Why does the code not work in this instance?

Question

I am struggling to understand why code wouldn't work. According to the truth table/logic gates for AND and OR https://en.wikipedia.org/wiki/Truth_table I would assume that I would be able to have an if statement inside the for -loop such that (p < 2 || p % i == 0) would work for finding prime numbers but it fails when considering negative numbers.

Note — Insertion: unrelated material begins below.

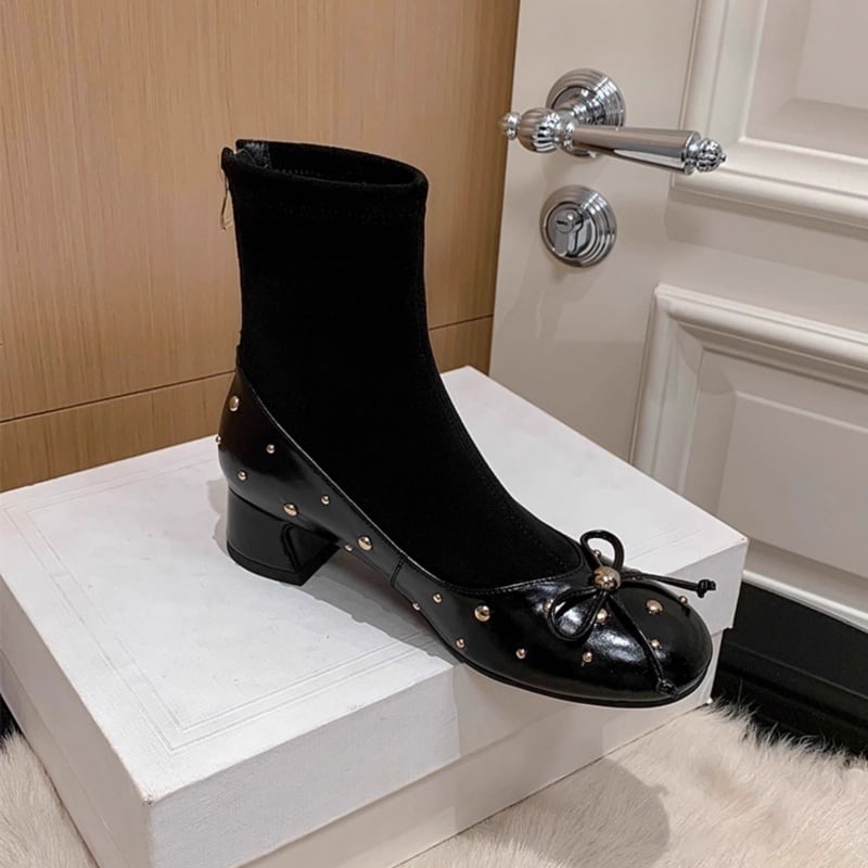 【34–40】Stud ribbon ballet boots (short / long) B3502

I know that if you if take out the p < 2 and write it as an if statement outside this for -loop it works, but if the p < 2 is inside the for -loop it does not work. Why is this so?

public class test {
    public static void main(String [] args) {
        System.out.println("Hello World!");

        int a = 7;
        System.out.println("A is Prime: " + isPrime(a));
        System.out.println();

        int b = 4;
        System.out.println("B is Prime: " + isPrime(b));
        System.out.println();

        int c = -7;
        System.out.println("C is Prime: " + isPrime(c));
        System.out.println();

        int d = 53;
        System.out.println("D is Prime: " + isPrime(d));
    }

    public static boolean isPrime(int p) {
        for (int i = 2; i < p; i++) {
            if (p < 2 || p % i == 0) {
                 return false;
            }
        }
        return true;
    }
}

Answer 1

Because for p < 2 , the body of the for loop is never performed . Indeed:

for (int i = 2; i < p; i++) {
    // ...
}

If p = 2 , then it initializes i = 2 , and then checks i < p which fails, and hence the body is never executed. It skips the for loop, and thus returns true .

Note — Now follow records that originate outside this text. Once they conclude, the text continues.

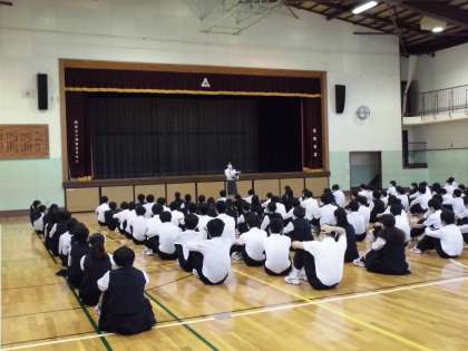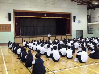 門部先生のお話は、集団としての成長を期待するという内容です。他クラスの友達を待つとき、友達と交流するとき、気づかいをし、なれ合いにならないよう、集団としてレベルアップしてほしいということを伝えていました。
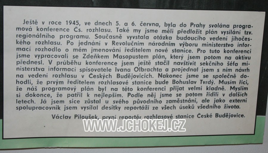 Aktuální výstava „70 let na jihočeské vlně“ otevřená v Jihočeském muzeu od 15. dubna do 7. června připomíná kulaté výročí prvního vysílání Českého rozhlasu v Českých Budějovicích a nabízí také hokejovým fanouškům, především milovníkům historie tohoto sportu, jedinečnou příležitost důvěrněji poznat osobnost a uslyšet hlas Václava Pilouška, jenž byl prvním trenérem někdejšího AC Stadionu, ale i prvním zdejším „rozhlasákem“.
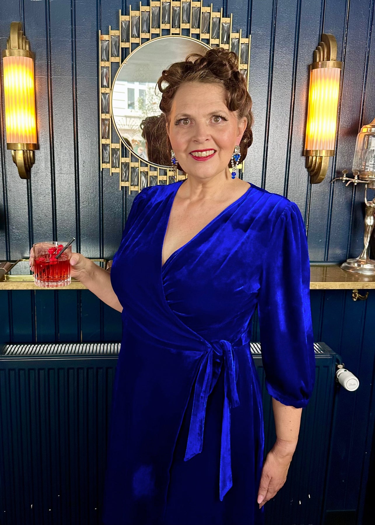 Vacker omlottklänning i blå velour från Daisy Dapper.
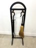Partial fireplace tool set including log tongs and broom on a stand in a hand-forged iron type style.
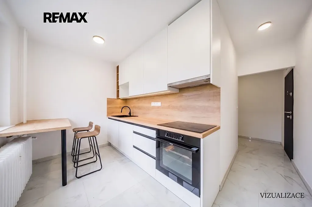Samostatná kuchyně o velikosti 6,5 m² je vybavena novou moderní kuchyňskou linkou s dostatkem úložného prostoru, podsvícením pracovní plochy, myčkou Beko (60 cm), horkovzdušnou troubou a indukční varnou deskou značky Gorenje. Praktickým detailem je flexibilní dřezová baterie. U okna je prostor například pro barový stůl či menší jídelní kout.
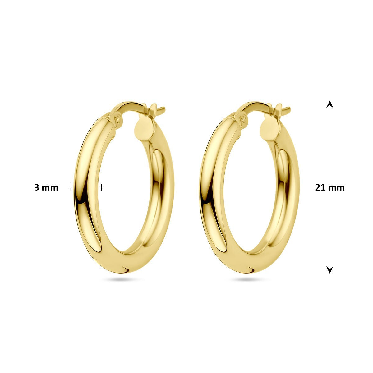 Deze ronde oorringen zijn vervaardigd uit 14 karaat geelgoud en uitgevoerd in een klassieke buisvorm met een dikte van 3,0 mm. Dankzij de gepolijste afwerking hebben de oorringen een luxe glans en een tijdloze uitstraling die past bij elke gelegenheid.

We can fix it by performing a check before (or after) the for loop, and even boost the performance of the loop slighly:

public static boolean isPrime(int p) {
    if(p <= 2) {
        return p == 2;
    }
    if(p % 2 == 0) {
        return false;
    }
    for (int i = 3; i*i <= p; i += 2) {
        if (p % i == 0) {
            return false;
        }
    }
    return true;
}

We can simply return false first for all values less than 2 , and true for 2. Furthermore we only need to iterate up to √p , since if there is a value j larger than √p that divides p , then there is a smaller value i = p/j that is smaller than √p that will already be checked. We furthermore only need to check odd numbers, since even numbers are already implied by the division by 2 .

Answer 2

You may want to invest in Math.abs(int) :

public static boolean isPrime(int p) {
    p = Math.abs(p);
    for (int i = 2; i < p; i++) {
        ...

This will ensure that p is always non-negative, and your initial assumptions about how the loop should behave are justified.